(Beginning of Data)

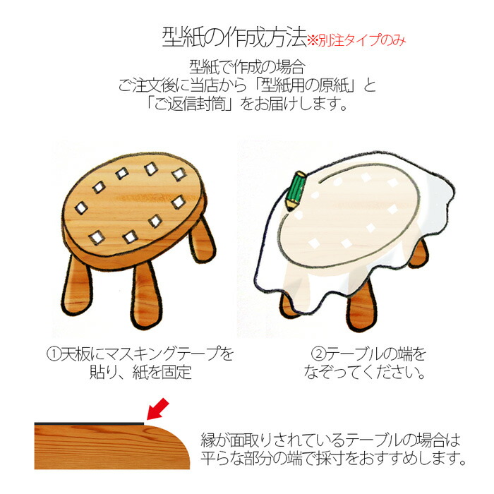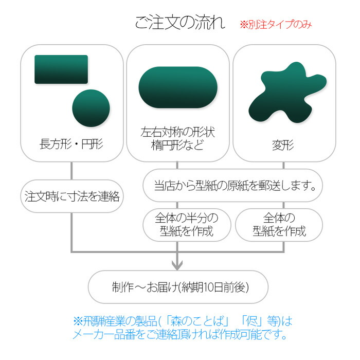 ※別注品は、上記サイズ範囲内で自由に作成可能です。型紙作成の場合、詳しくは別注テーブルマットのご注文方法をご覧下さい。
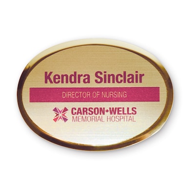 Custom Gold Metallic Full Color Name Badge, 2" x 2-3/4" Oval
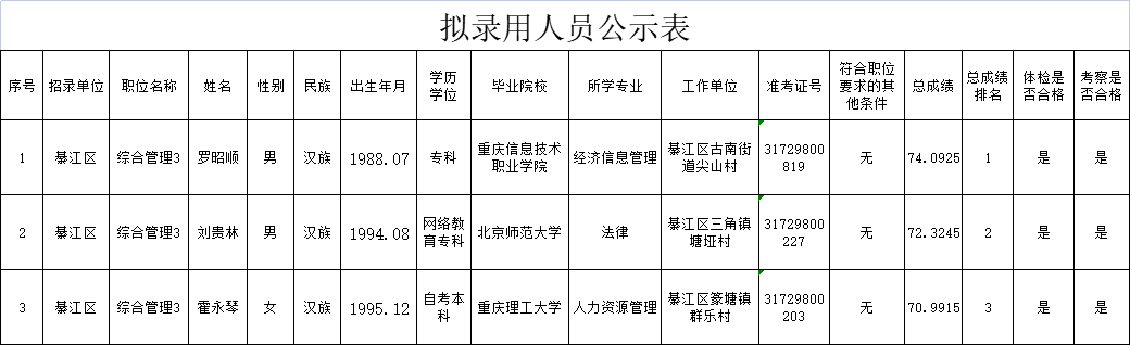 按照《重庆市2023年从优秀村(社区)干部中考试录用公务员公告》要求,现将拟录用公务员予以公示。

(End of Data)

◆ Problem to work on ◆
What you return must match the data above exactly, with no images included.

◆ Reply to the exercise ◆
 ※別注品は、上記サイズ範囲内で自由に作成可能です。型紙作成の場合、詳しくは別注テーブルマットのご注文方法をご覧下さい。
 Custom Gold Metallic Full Color Name Badge, 2" x 2-3/4" Oval
 按照《重庆市2023年从优秀村(社区)干部中考试录用公务员公告》要求,现将拟录用公务员予以公示。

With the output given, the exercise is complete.